I am getting into doing The Work again, after not having done it for a while, and see again how the truth sets me free.
When I find what is genuinely more true for me than an initial belief, it gives a sense of liberation and freedom. My personality may not like what comes up, as in the most recent inquiry, but just being honest about it is a huge relief.
And there is a simple story why:
When I attach to a story, rigidly holding onto a certain perspective and identity to the exclusion of other ones, I am at war with what is already more true for me. It takes a great deal of effort to do this.
I need to monitor what is going on, making sure I am shooting down whatever the initial story does not include, and anything that may show that it has only a limited truth. I need to fuel it by repeating it to myself, and creating supporting stories. I need to act as if it is true.

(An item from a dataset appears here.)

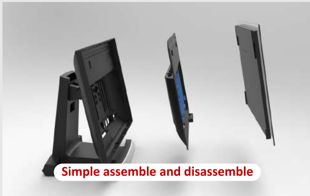
Simple assemble and disassemble

I need to filter my whole experience of the world through it.
So when I finally give up, and look in a more honest way at what is already more true for me, all of this can fall away or at least – for the time being – be fueled less.
There are innumerable dishonesties in our lives. All the little beliefs and stories we attach to that are not aligned with life as it shows up for us.
And then there is the major one: that there is a separate I here, an I with an Other. In our immediate awareness, here now, there is just the field of awakeness and form, inherently free from an I with an Other. Yet right away, this is covered up by an attachment to a story of a separate I, which filters it all making it appear true.
Like any other belief, it is a belief that needs constant maintenance. It requires a great deal of energy.
What is truth?
I used to not be comfortable with the word truth, because I knew there was no absolute truth expressible in words. But inquiry has helped me with this.
In the context of The Work, I am now comfortable using the word truth, as an equivalent of relative truth. A truth filtered through stories. And a truth closer to what is really true for me, in my own immediate experience.
The truth revealed through The Work is that I cannot be sure any story is absolutely true. It is what happens to me when I believe that thought. It is who I am without it. And it is the grain of truth in each of the turnarounds of the initial statement, which reveals the initial story to also only have a limited truth to it.